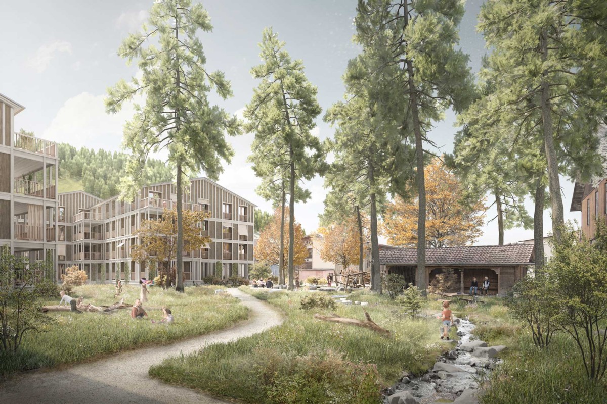 Die Zürcher Bau- und Immobilienfirma Halter AG will hinter dem Sternen in Worb bauen. Wo heute ein kleiner Park und eine grosse Brache liegen, ist eine dichte Überbauung vorgesehen: Drei dreiteilige Mehrfamilienhäuser mit insgesamt 84 Wohnungen, bis zu vier Geschosse hoch. Direkt hinter dem Gasthof ist ein öffentlich zugänglicher, 1500 m2 Quadratmeter grosser Spielplatz geplant und am anderen Ende der Parzelle eine 600 m2 grosse Rasenspielfläche. Vorgesehen ist eine naturnahe Gestaltung mit unversiegelten Flächen, der Bach, der heute in einem Kanal fliesst, bekommt mehr Platz.
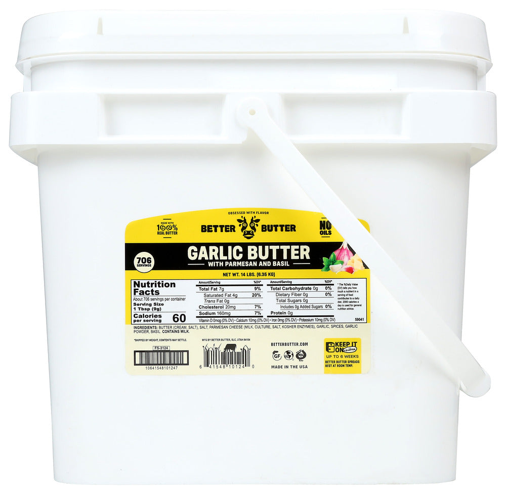 BUTTER (CREAM, SALT), SALT, PARMESAN CHEESE (MILK, CULTURE, SALT, KOSHER ENZYMES), GARLIC, SPICES, GARLIC POWDER, BASIL.
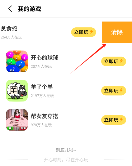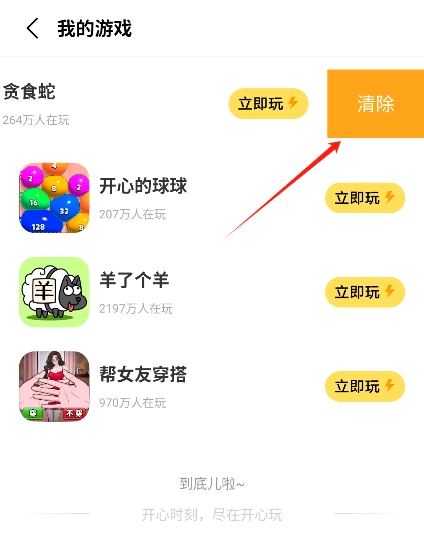 游戏管理:用户可以在我的游戏页面中管理已经游玩的的游戏,包括清除等操作。
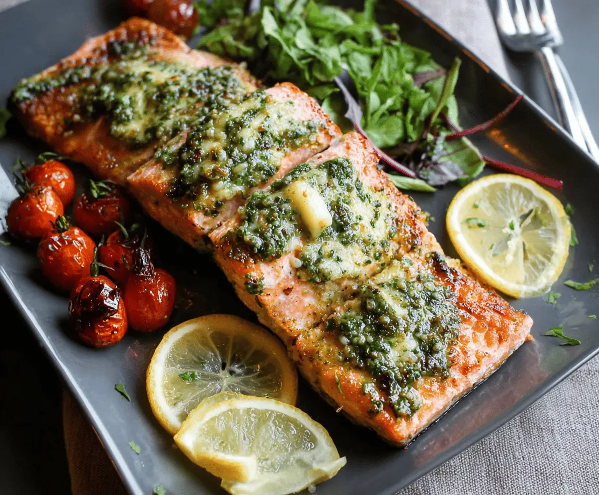Delicious Pesto Butter Salmon cooked to perfection, featuring a vibrant green pesto topping and tender flaky fish.
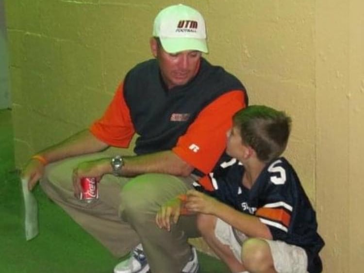 Jason Simpson (left) with his son Ty Simpson (right) at a UT Martin game. Contributed image

• • •

Your output should consist solely of the lines from the line containing "Delicious Pesto Butter" through the last line of the entries, verbatim, minus any pictures.

Delicious Pesto Butter Salmon cooked to perfection, featuring a vibrant green pesto topping and tender flaky fish.
 Jason Simpson (left) with his son Ty Simpson (right) at a UT Martin game. Contributed image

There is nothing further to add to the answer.